On September 30, the UK Financial Services Authority (FSA) published a response to the feedback it has received on the Turner Review and the related discussion paper DP09/2, both published on March 18 (as reported in the March 20 edition of Corporate and Financial Weekly Digest). The Turner Review, led by Lord Turner, the FSA Chairman, considered the underlying causes of the financial crisis and recommended a regulatory response stressing the importance of future regulation and supervision based on a different approach.

The response sets out the FSA’s analysis of the feedback received and reports on the progress made since March in implementing changes and in achieving international agreement. Generally, the feedback received agreed with the analysis set out in the Turner Review and the broad approach it proposed. The majority of respondents offered clear support for the analysis of causes, the main recommendations and the FSA’s supervisory approach as detailed in the Turner Review and the discussion paper.

The feedback raised the following key issues:

  • Respondents agreed upon the need for an international approach when looking at policy options.
  • Respondents raised concerns that any measures implemented by the UK alone could damage London’s competitiveness in the global market.
  • Large firms were opposed to increasing requirements for systemically important firms.
  • Respondents stated an impact assessment of the ”whole package” of reform is needed.

The issue of most concern for respondents was the need for international consistency in formulating and implementing the regulatory policy response to the global financial crisis.

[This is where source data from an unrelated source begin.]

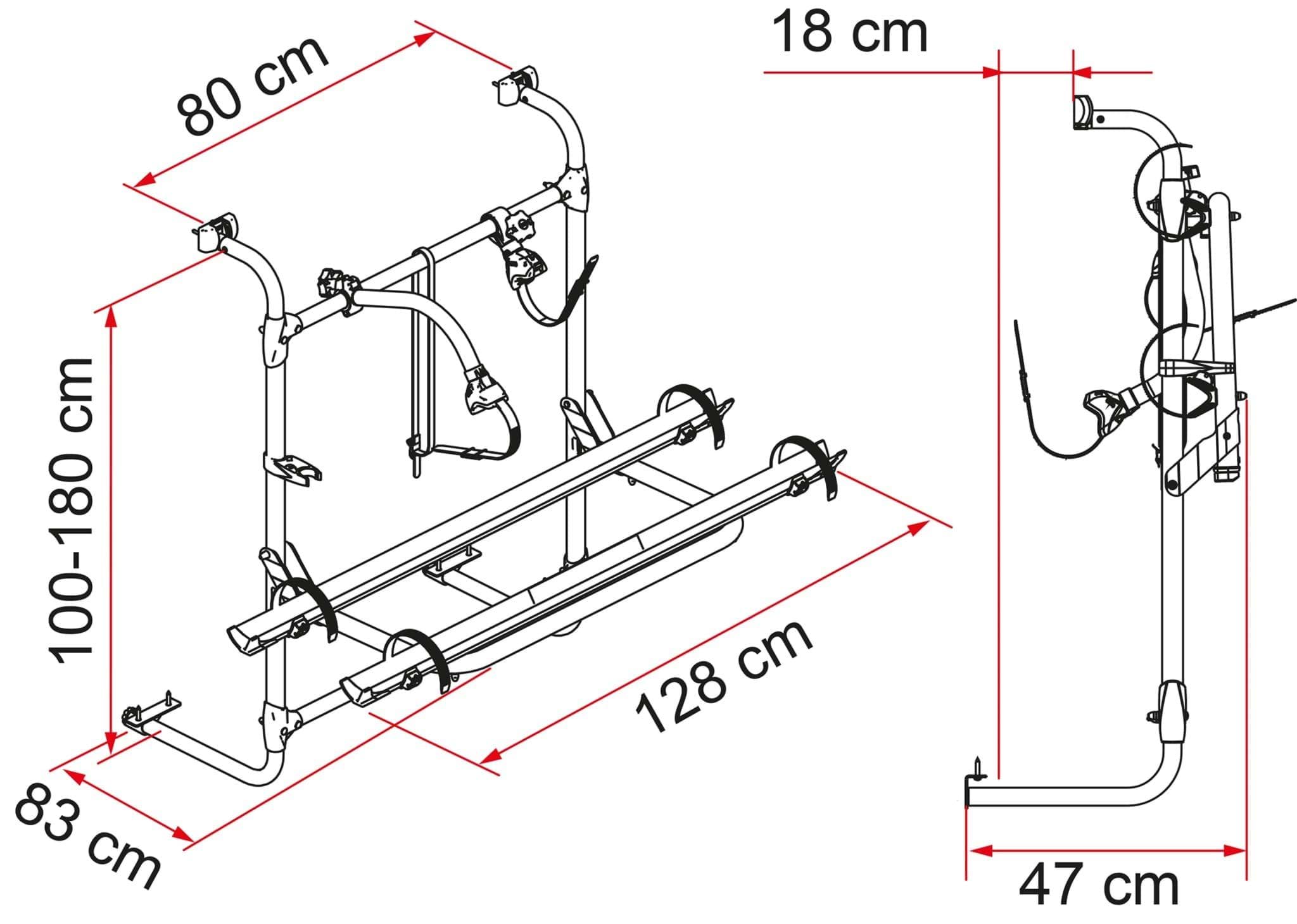 3D weergaven van de Fiamma Carry-Bike Caravan Universal fietsendrager. Deze weergave staat op de site van Fiamma. Klik op de knop hieronder om de 3D weergave te bekijken (opent in een nieuw scherm)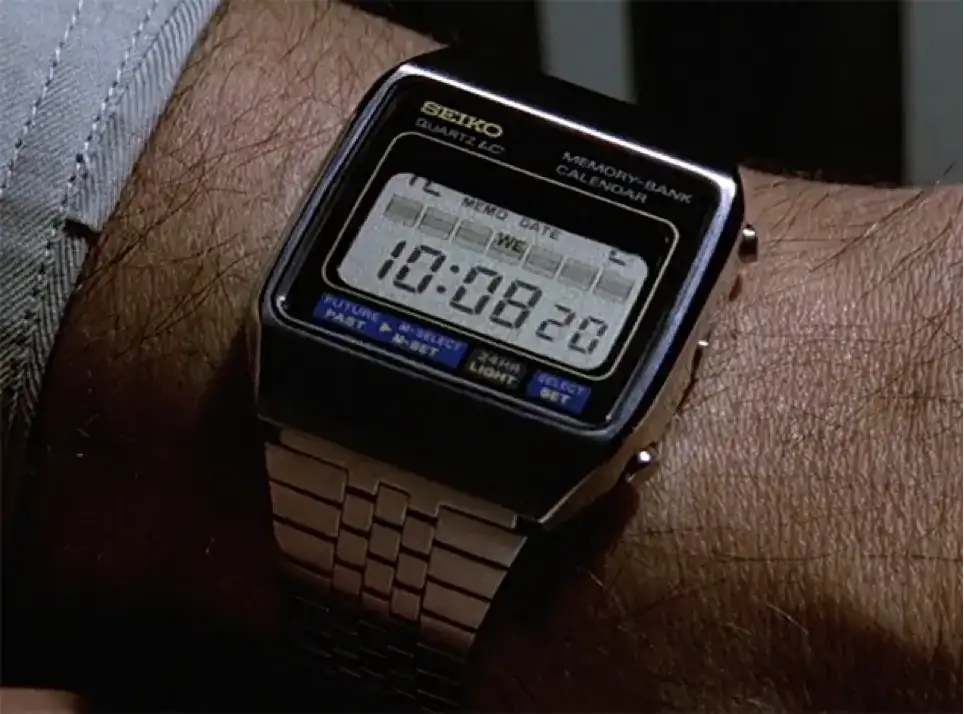 Seiko M354 5019 Memory-Bank Calendar. James Bond (Roger Moore) en la película de 1979: Moonraker.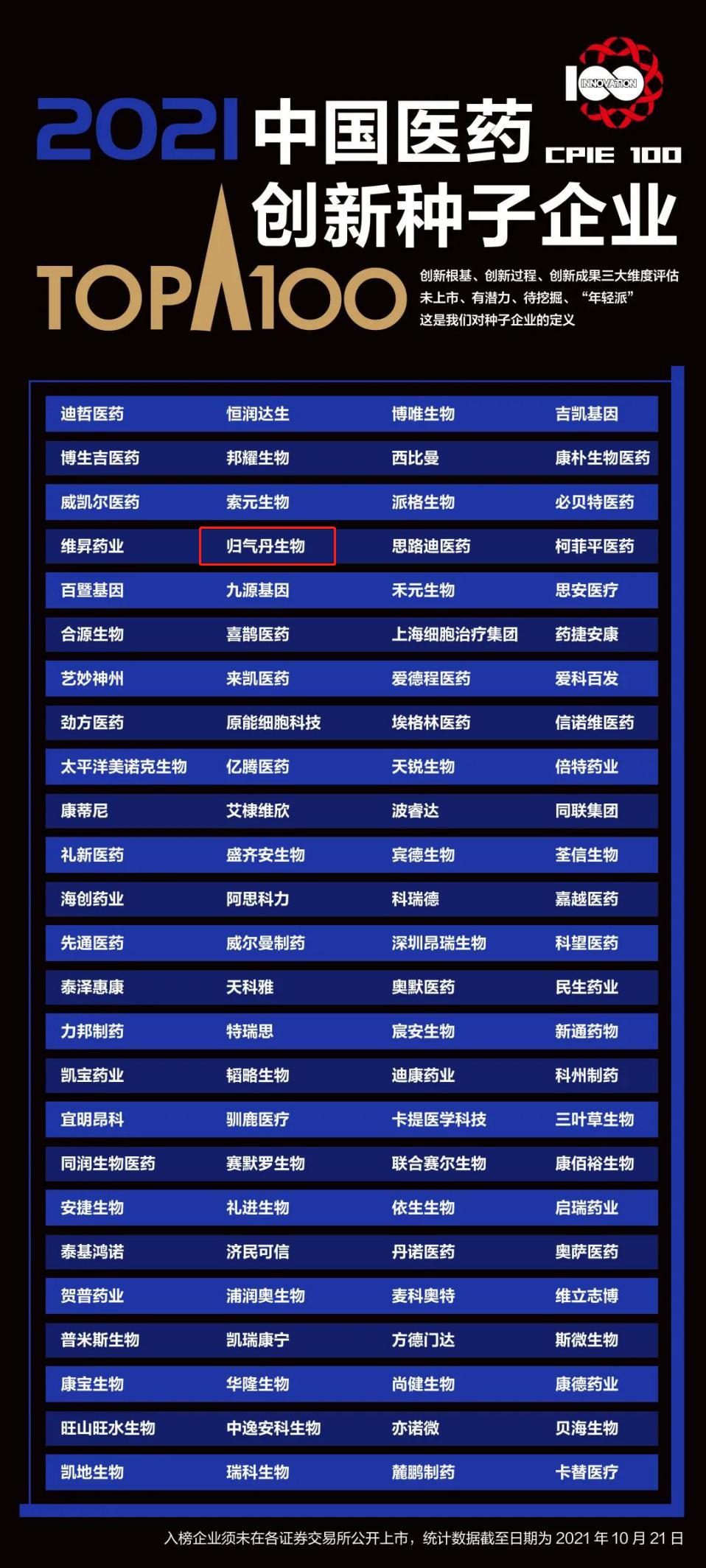 归气丹生物入选“2021中国医药创新种子企业100强”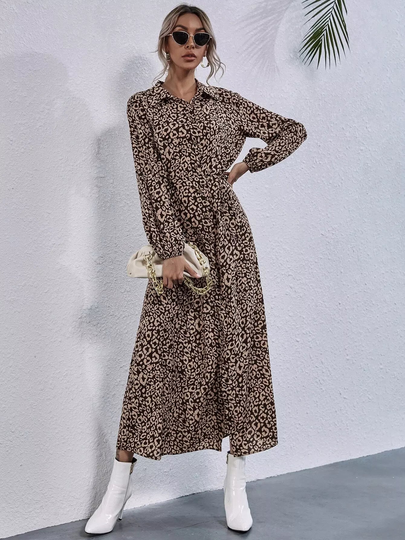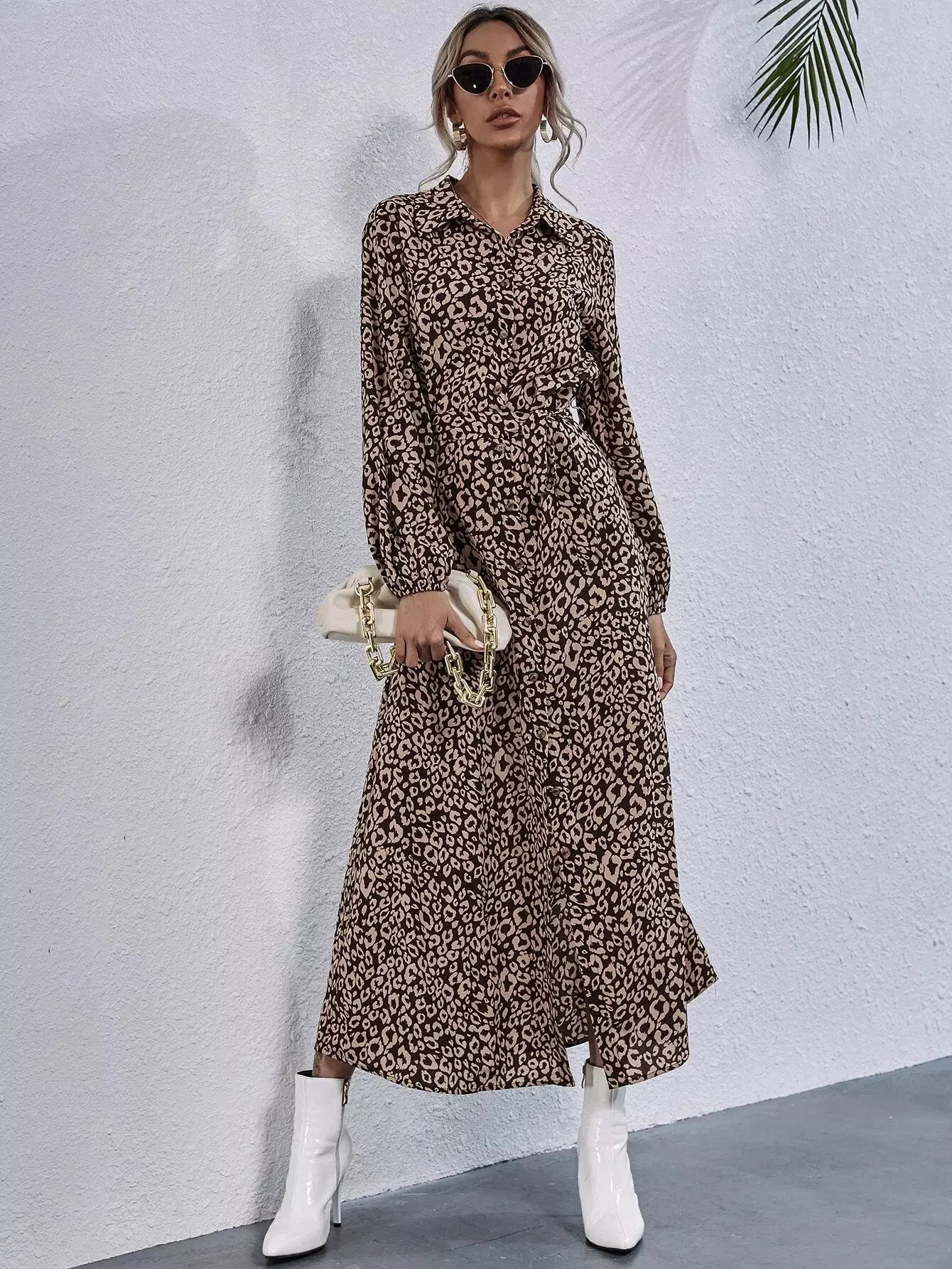 فستان بأزرار أمامية بأكمام فانوسية بأزرار منفتحة من الفخذين

In the foreword to the response, Lord Turner stated that “wider debate has continued on the overall approach to financial regulation and the FSA’s own thinking has continued to evolve”. The FSA considers that some issues which were covered only to a limited extent in the Turner Review now require a more detailed analysis. As a result, the FSA intends to publish a further discussion paper in October which will focus on key areas, including:

  • Systemically important firms—the Group of Twenty Finance Ministers and Central Bank Governors has called for higher prudential standards for systemically important firms, and thus the FSA intends to address in particular the issues related to how to identify and deal with such firms, what policy tools are available and how they might be applied.
  • Cumulative impact of capital and liquidity reforms—There is a need for a comprehensive analysis of the combined impact of the various elements of regulatory reform which have been proposed or are under consideration. These elements include more robust capital and liquidity requirements, changes to trading book capital and countercyclical capital. The changes will have a significant impact on leverage and maturity transformation in the banking systems, and thus the FSA will have to consider methodologies for making trade-offs between the costs of intermediation and financial stability.

The full text of the FSA’s response can be found here.